I wonder why there are no singular matrix decompositions
Most solver options use sparse LU decomp for linear solve (Ax=b); not sure which solver uses SVD though.
@JiaweiZhuang, here is the file you wanted. Let me know if it looks OK. If it's good, I'll merge up to dev/12.7.0. I had to gzip it to attach it here.
Hi @yantosca -- to double check: Is this a time-average diagnostic or an instantaneous field?
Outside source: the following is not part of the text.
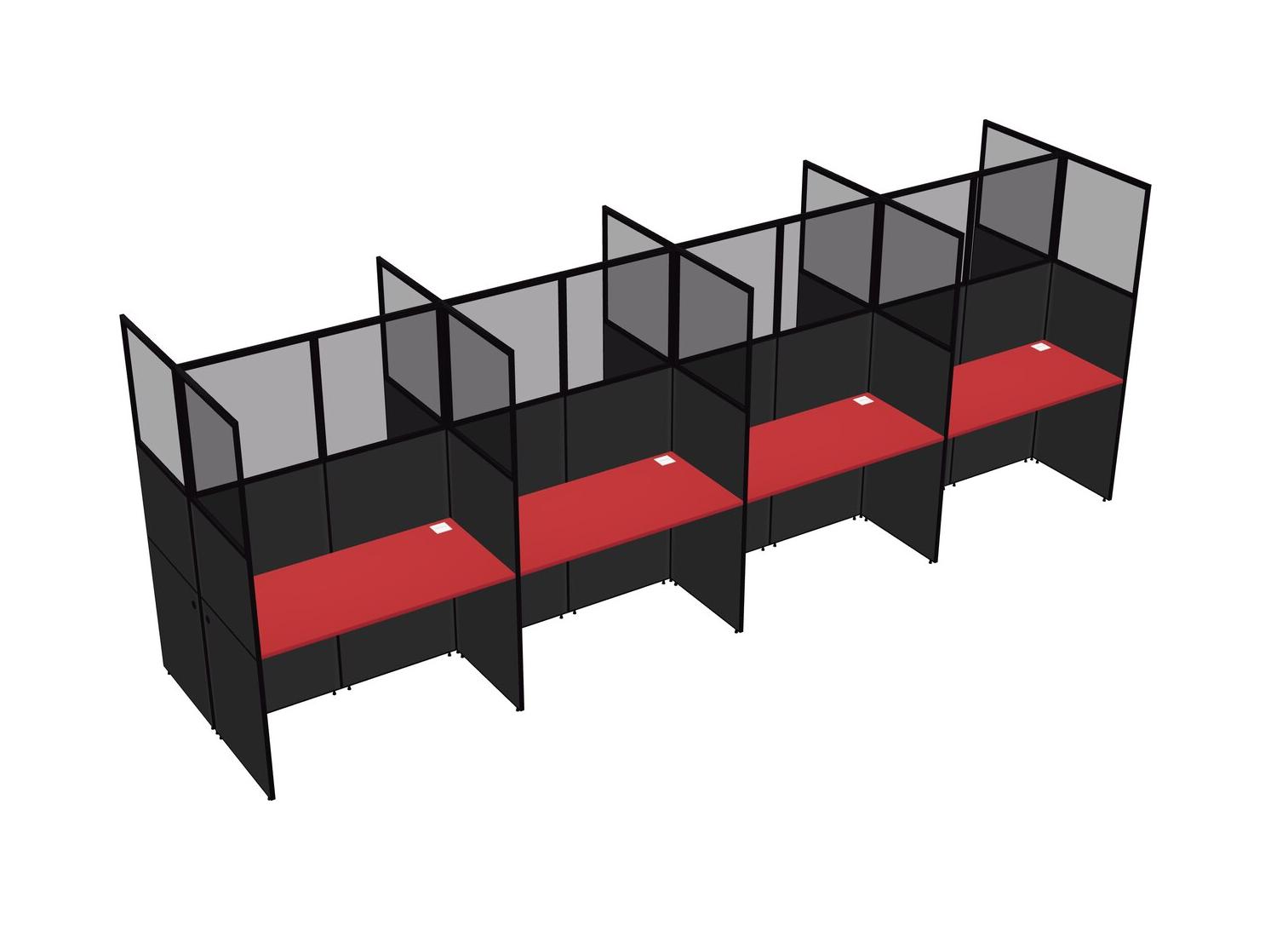 Prism Red Shared Rectangular Office Cubicle Panel System For 8 Persons

The sunrise/sunset looks too spread out, which makes me wonder whether it is a 3-hour average, not just a 20-minute chemical step.
@JiaweiZhuang , you are right. I think I gave you the 3-h field.
Here is instantaneous data (2016/07/01 @ 00:00 UTC):
As you can see, the terminator is much narrower, as would be expected for a 20min timestep.
Sorry for the confusion.
Here is instantaneous data
Thanks! This looks right to me. Could you also upload the nc file?
@JiaweiZhuang, here it is, saved in a zip folder: KppDiags.zip
This is also available on S3 at: https://s3.console.aws.amazon.com/s3/object/yantosca-gc-bucket/for_jiawei/GEOSChem.KppDiags.20160701_0000z.nc4?region=us-east-1&tab=overview
See: https://github.com/geoschem/gchp/issues/44.
It should be a simple matter to add this diagnostic, perhaps into GEOS-Chem 12.7.0.